Despite the late hour and despite the exhaustion making him feel like he’s been coated in lead, Ted doesn’t go to sleep right away. He changes into his pyjamas and then sits up on top of his still-made bed, leaning against the headboard and reading a book. Well. ‘Reading a book,’ insofar as ‘staring at the same page and not remotely processing any of the words on it for minutes at a time, occasionally flipping a page out of pure instinct’ can be considered reading. At this point, Ted doesn’t even remember what the book is, just that it had been sitting next to his lamp and it was better than grabbing his phone, what with all the anxiety-inducing crap that thing tended to contain at any given moment. It’s because of this avoidance of actual sleep that Ted notices immediately when the door down the hall opens.
Closing his book and setting it off to the side, Ted watches with a light frown as Jamie exits the spare room - his room, and starts down the hall.
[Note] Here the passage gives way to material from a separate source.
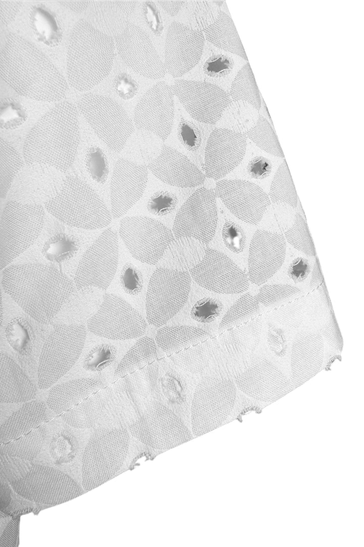 Camisa manga corta en algodón blanco (ojalillo) con estampado estilo retro y troquelado dentro del estampado, entretela en botonera y cuello, tiene bolsillo en la parte izquierda del pecho.

His posture is reluctant and closed-off, moving like he’s coated in the same lead that Ted is, and he makes the trip slowly. It’s hard to tell if the lethargic pace is due to pain or something else, and the thought makes Ted’s heart skip a beat.
When he reaches the doorway to Ted’s room, Jamie hesitates outside of it. The pause only lasts for a moment and then the boy is walking across the threshold and directly over to the side of the bed. Jamie is silent as he crawls up onto the mattress to Ted’s right, laying down facing the wall with his arms folded over his chest and going very, very still.
Book now entirely forgotten, Ted looks at Jamie and waits for him to say something, to reveal what it is he came here for, what he needs or wants. Nothing of the sort happens. Jamie doesn’t do anything at all. He doesn’t get up and leave but he doesn’t move any closer to Ted either. He doesn’t ask for anything, doesn’t make a sound. Jamie just lays there, facing the wall, curled in on himself and motionless - and putting all the pressure squarely on his bad shoulder, too. It has to ache something fierce, even with the painkillers the doctors sent him home with.
Ted’s heart hurts in his chest looking at him - literally. It literally, physically hurts. He watches the boy for a while, unsure what to do, his sternum throbbing and worry heavy and thick in his lungs. Jamie still doesn’t do anything, doesn’t say anything or move at all, though he’s too rigid to have fallen asleep. His arms are tucked tight against his chest, giving the impression of someone who is holding himself in a mimicry of someone else doing so.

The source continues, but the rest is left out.